Frans Hubertus Henricus Weekers (born 17 October 1967) is a Dutch politician of the People's Party for Freedom and Democracy (VVD) and lawyer.

Early life and education 
Weekers was born in Weert, in the province Limburg. His father was an accountant and member of the municipal council. His paternal grandfather was a wethouder in Weert. His mother was a schoolteacher.
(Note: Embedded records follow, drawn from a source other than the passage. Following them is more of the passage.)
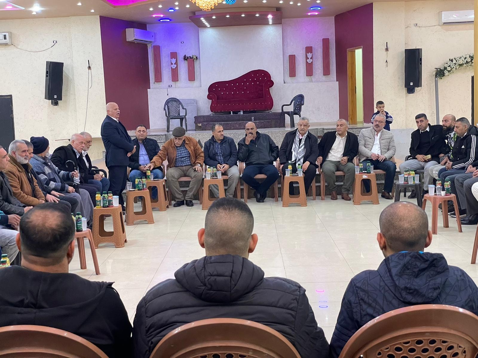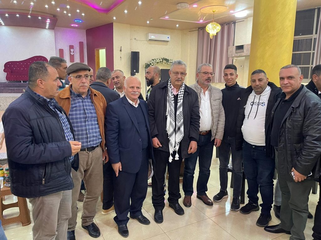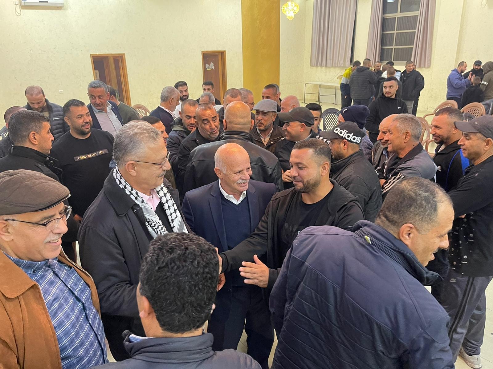 محافظ طولكرم عصام أبو بكر وبمشاركة قائد المنطقة العميد جمال أبو العز ومدراء الأجهزة الأمنية، وأمين سر فتح بطولكرم إياد جراد، خلال تقديم التهاني بالإفراج للأسير أحمد ابو طبيخ من مخيم نور شمس.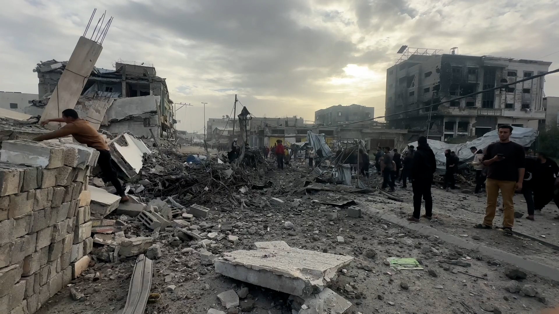 تفقد أنقاض مبنى قصفه الاحتلال في حي الزيتون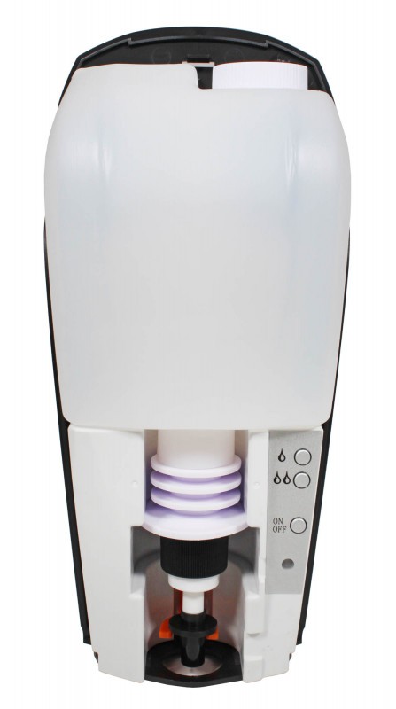 Voliteľný výdaj menšieho alebo väčšieho množstvaDonner MIST Gél môže po priložení ruky vydať jednu, alebo dve dávky gélové dezinfekcie či mydla. Veľkosť jednej dávky je 0,4 ml. Výdaj dvoch dávok je vhodný predovšetkým pre preškolený personál, ktorý si môže týmto spôsobom vydezinfikovať obe ruky. Zásobným v bezdotykovom dávkovači o objedmu 1000 ml vystačí na 2500 jednotlivých dávok.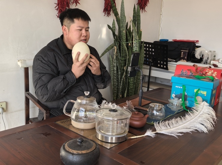除了易于养殖的优势,鸵鸟带来的经济效益也是养殖户选择养殖鸵鸟的关键因素。鸵鸟肉是高蛋白、低脂肪、低胆固醇的健康红肉,鸵鸟蛋的营养价值也极高,鸵鸟皮和鸵鸟毛更是制作高档鞋包、工艺品的优质原料。为了扩大销售,养殖场积极拥抱互联网,主要依托电商平台,通过直播带货的方式,将鸵鸟苗、鸵鸟肉、鸵鸟蛋等产品销往各地。

Weekers attended secondary school in Weert between 1980 and 1987, where he did the vwo programme. He became a member of the VVD in 1986, while he was still in secondary school. Weekers subsequently went to the Vrije Universiteit Amsterdam 1987, where he obtained an MSc degree in economics and econometrics in 1992 and an LLM degree in 1993.

Career

Legal work
Weekers worked as a legal advisor for the assurance company Van Rey and as the assistant of the member of the House of Representatives Jos van Rey in 1993 and 1994.

Politics
Weekers was an elected member of the municipal council of Weert from 1994 to 2003, where he was the fraction leader of the VVD. From 1994, he also worked as a lawyer in Weert, until he was elected to the House of Representatives in 1998. He served as a member of the House of Representatives from 19 May 1998 to 23 May 2002, a second time from 3 June 2003 until 14 October 2010 and a third time from 20 September until 5 November 2012.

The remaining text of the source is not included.